George Devol, robotic arm inventor, dies

George C. Devol, a self-taught tinkerer whose invention of the robotic arm revolutionized factories around the world, died of a heart ailment Aug. 11 at his home in Wilton, Conn. He was 99.

The robotic arm, which Devol dreamed up in the early 1950s, was originally called the "programmed article-handling device." It was a long name for a relatively simple and very smart machine that, in the coming decades, would become a fixture on modern assembly lines.

The Unimate, as the product became known, was designed to perform jobs that were dangerous or costly for human workers. Devol sold the first of his robotic arms in 1961 to a General Motors plant in Trenton, where it handled the hot metal used in die casting.

Early customers included Chrysler and Ford. Partly because of the influence of labor unions, which saw the robots as a threat to U.S. jobs, sales did not take off in the United States.

Devol's product was wildly successful in countries such as Japan, however, and in the late 1960s his company signed a deal with Kawasaki Heavy Industries. In 2006, the Institute of Electrical and Electronics Engineers estimated that there were more than 950,000 industrial robots in operation worldwide.

Many of them are direct or indirect descendants of Unimate, said Carlene Stephens, the curator of the robot collection at the Smithsonian Institution's National Museum of American History. In 2005, Popular Mechanics magazine named the robotic arm one of the top 50 inventions of the past 50 years, along with the jet airliner and the TV remote control. Devol was inducted into the National Inventors Hall of Fame this year.

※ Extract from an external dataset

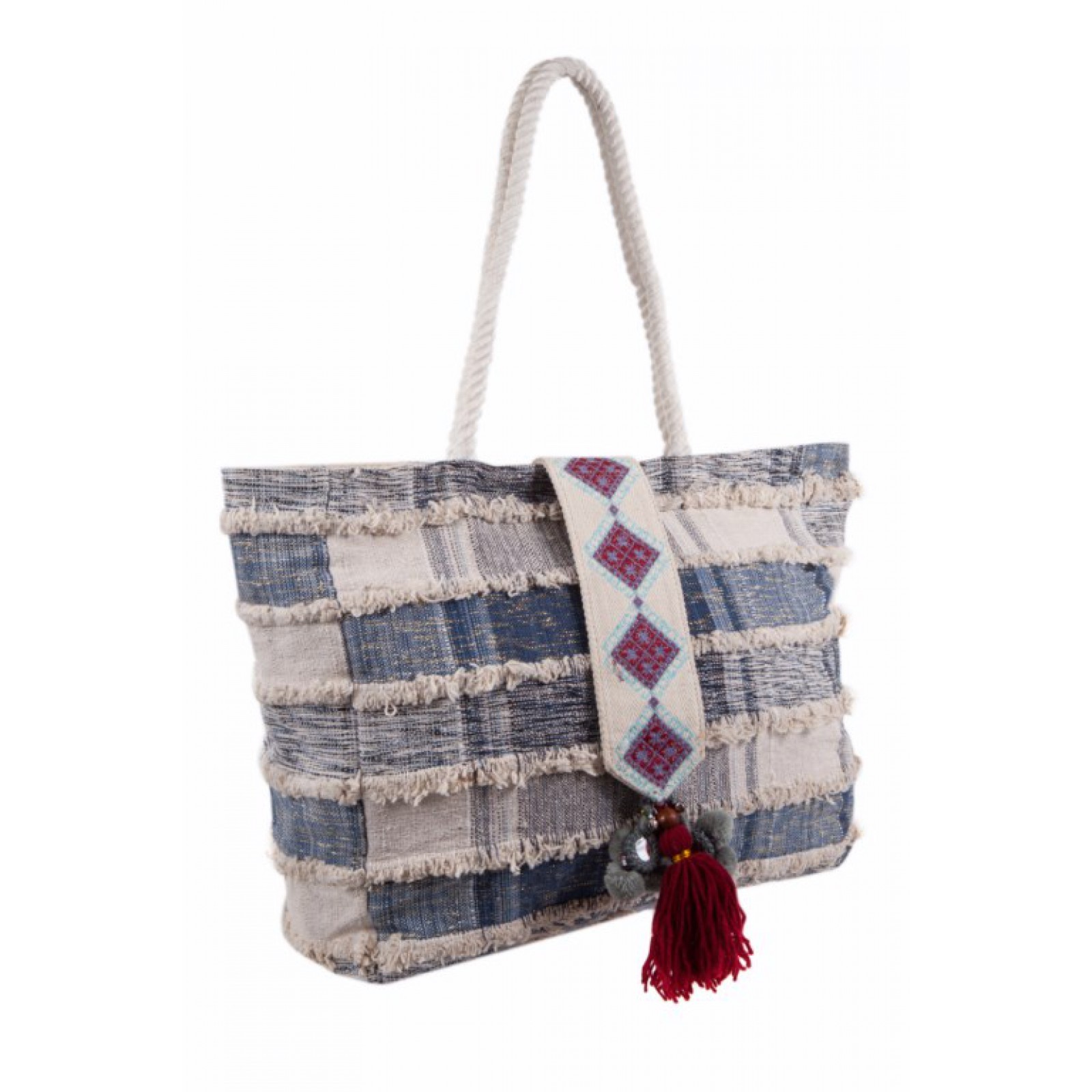 Bolso Shopper artesanal de Lona y Algodón con 2 asas de mano, gran capacidad y solapa magnética con flecos decorativos. El forro interior es de color Fucsia, haciéndolo más original y exclusivo.

Devol's business partner was engineer Joseph F. Engelberger. Together they formed the company Unimation in Danbury, Conn.

It was an odd couple: Engelberger had degrees from Columbia University; Devol hadn't graduated from high school. Engelberger was said to love science fiction; Devol had no special love for the genre, his daughter Christine Wardlow said. But like most odd couples, Engelberger and Devol had something important in common: They believed in the potential of robotics for the United States.

Devol's wife, the former Evelyn Jahelka, died in 2003. Besides his daughter, of Littleton, Colo., survivors include children George C. Devol III of New Canaan, Conn., Robert Devol of Wilton and Suzanne Judkins of Brookfield, Conn.; five grandchildren; and five great-grandchildren.